UTA Board members get $11K pay raise — after advisory group says it set salary too low earlier
(Rick Egan | The Salt Lake Tribune) Carlton Christensen, chairman of the Utah Transit Authority Board makes a few comments at the celebration of the new double-track rail line for the S-Line Sugar House Streetcar, April 5, 2019. The three board members were each granted an $11,000 raise Wednesday after advisory board members decided they had set the salary too low in January.
When officials persuaded Carlton Christensen last year to join the new three-member, full-time Utah Transit Authority Board after Gov. Gary Herbert rejected other nominees
, he left a $143,000 a year job as director of Salt Lake County’s Department of Regional Transportation.
After he started at UTA, Christensen had to wait a few months for an advisory council to set board member salaries — but he knew that legislation had allowed a maximum of $150,000 a year for the job. The advisory group set it much lower, at $129,000.
“I had to cancel an insurance policy and do some other things to make ends meet,” Christensen said. “It was a little bit of a financial hit I had not expected.”
On Wednesday, the UTA advisory council — consisting of numerous local elected officials — said it likely made a mistake by setting board members’ salaries too low last January. So, it raised them to $140,000 effectively immediately, an 8.5% hike or an extra $11,000 annually.
Still, scores of other UTA officials will likely be paid more than members of the board that was created as part of reforms
after years of criticism about high executive pay at UTA
and other scandals. (For example, total compensation of former UTA President and CEO Michael Allegra was $402,187 in 2013, including a $30,000 bonus and benefits.)

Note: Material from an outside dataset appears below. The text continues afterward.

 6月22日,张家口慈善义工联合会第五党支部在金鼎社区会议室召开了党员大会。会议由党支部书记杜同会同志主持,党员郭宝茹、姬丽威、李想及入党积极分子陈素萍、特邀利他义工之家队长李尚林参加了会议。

New pay ranges adopted for executives earlier this year allow seven top administrators to earn between $130,000 to $231,730 a year. Another 12 regional managers of train and bus systems have a pay range of $117,752 to $202,814. And 23 other top administrators have a range of $99,996 to $167,101 a year.
UTA advisory council member Troy Walker, who also is mayor of Draper, said he proposed the $129,000 salary level for board members last January intending it to be a starting point for discussion. “It was seconded. Next thing you know it was voted on” without much discussion and passed.

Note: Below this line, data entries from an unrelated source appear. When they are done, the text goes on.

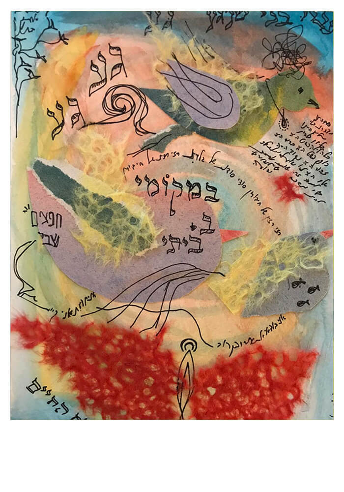 שלב העבודה מחבר את החומר האישי עם חומרי היצירה. ההנחיה היא להניח שכבה אחרי שכבה פנים אל חוץ, מארג חומרים לכדי מסר אישי
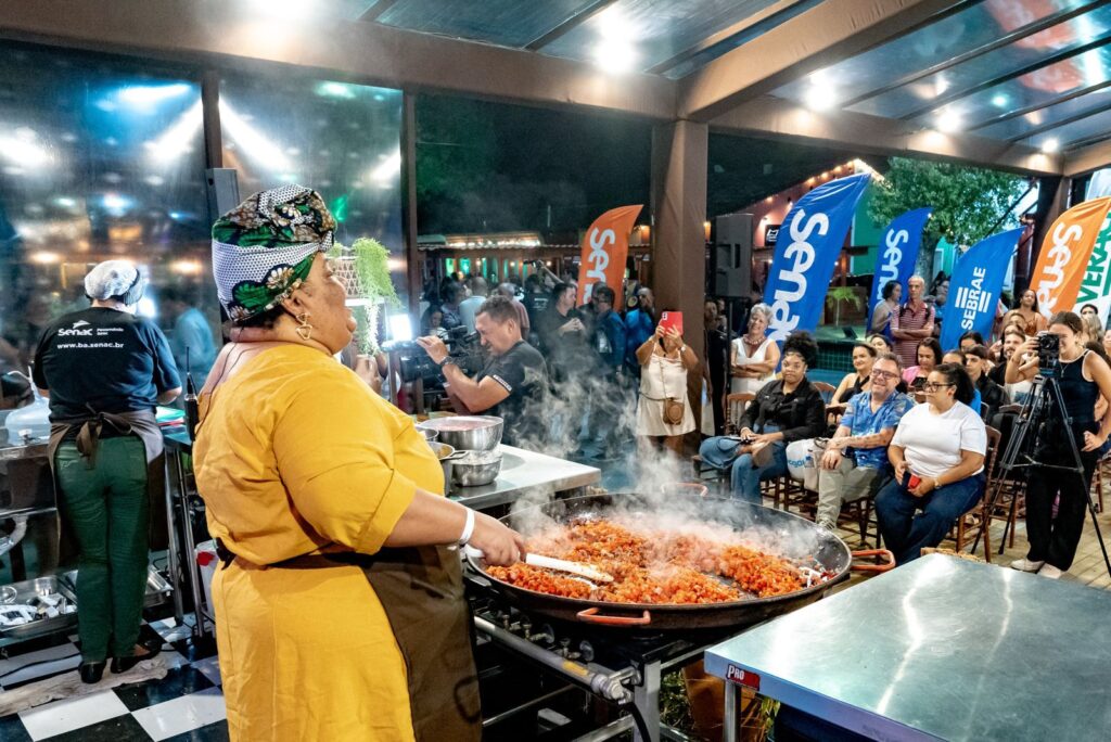 O ponto alto da noite foi a cozinha show comandada pela renomada Chef Dona Carmem Virgínia, do restaurante Altar Cozinha Ancestral (Recife/SP), eleito um dos 50 melhores da América Latina. A chef, conhecida por resgatar receitas tradicionais afro-brasileiras, preparou um prato exclusivo para o evento: “Arroz Jollof”, uma releitura do clássico baiano, feito com quiabo, camarão seco e azeite de dendê, acompanhado de arroz de hauçá. A apresentação encantou o público, que também pôde conferir atrações culturais, música ao vivo e stands de comidas típicas.
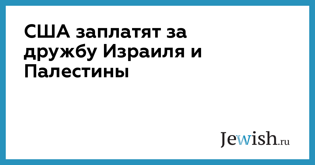 США заплатят за дружбу Израиля и Палестины
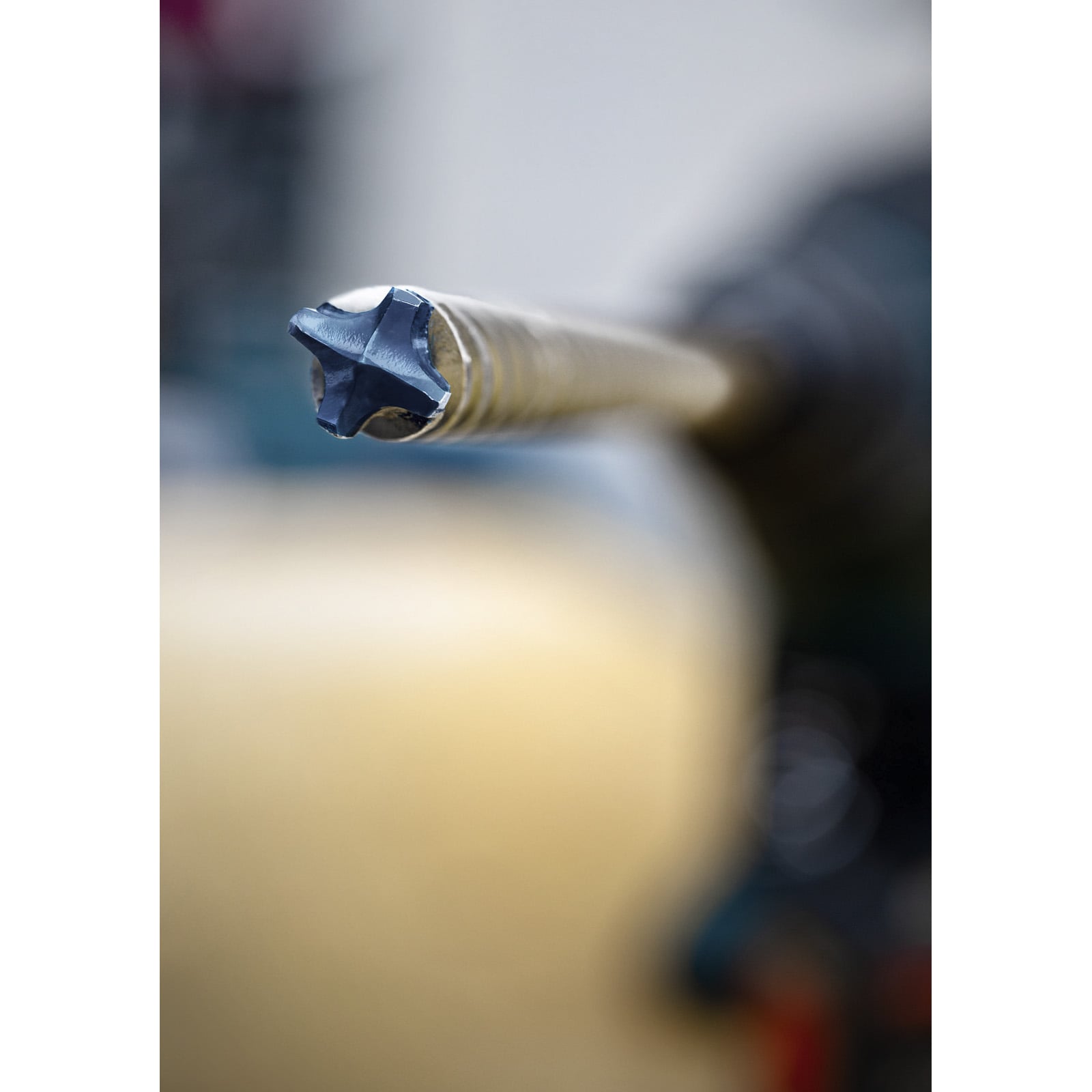 Dank der Bosch Carbide Technology und des Voll-Carbide-Kopfs hält der Expert SDS max-8X weitaus länger als normale Hammerbohrer. Er dringt effektiv durch die Armierung, sodass du nicht stoppen, neu zielen oder den Bohrer wechseln musst, wenn du auf Stahl stößt.

“It’s my fault,” he joked.
Back in January, a compensation study commissioned by UTA
said jobs in Utah with the skills and requirements of new board members pay an average of $178,000 a year — or higher than the maximum allowed by the Legislature. It also said members of full-time Wasatch Front county commissions or councils are paid an average of $135,000.
The advisory board decided in January to set the salaries at the same $129,000 level as the Davis County Commission — even though that county government has a third as many employees and a budget that is less than half of UTA’s.
Walker — who was one of the initial nominees Herbert refused to appoint to the new board — said Wednesday that the new $140,000 level is fair.
“We have some amazing people that have proven themselves in government and in private service,” he said. “They have taken to the job with all vigor and they’re working hard to make improvement to make this agency better and move it into the future.”
Advisory council member Clint Smith, who also is a Herriman City Councilman, said, “I believe in rewarding good employees because if you don’t, you are going to lose them … I think they are taking this agency in a new and better direction.”
Besides Christensen, the other UTA Board members are Beth Holbrook, a former Bountiful City Council member, and Kent Millington, former chairman of the Utah Transportation Commission.
Advisory council members also said it is wise not to pay the $150,000 maximum for now. Walker said leaving room for future raises is “our hook as a group to have the full attention of the trustees.”
The advisory council was created by the Legislature and has nine members, mostly local mayors or city council members, that by law advises the full board on budgets and service changes. It also must approve construction projects.
The advisory council said it intends to work in coming months on a more formal structure for reviewing potential board member raises, including setting goals for them and reviewing how well they are met.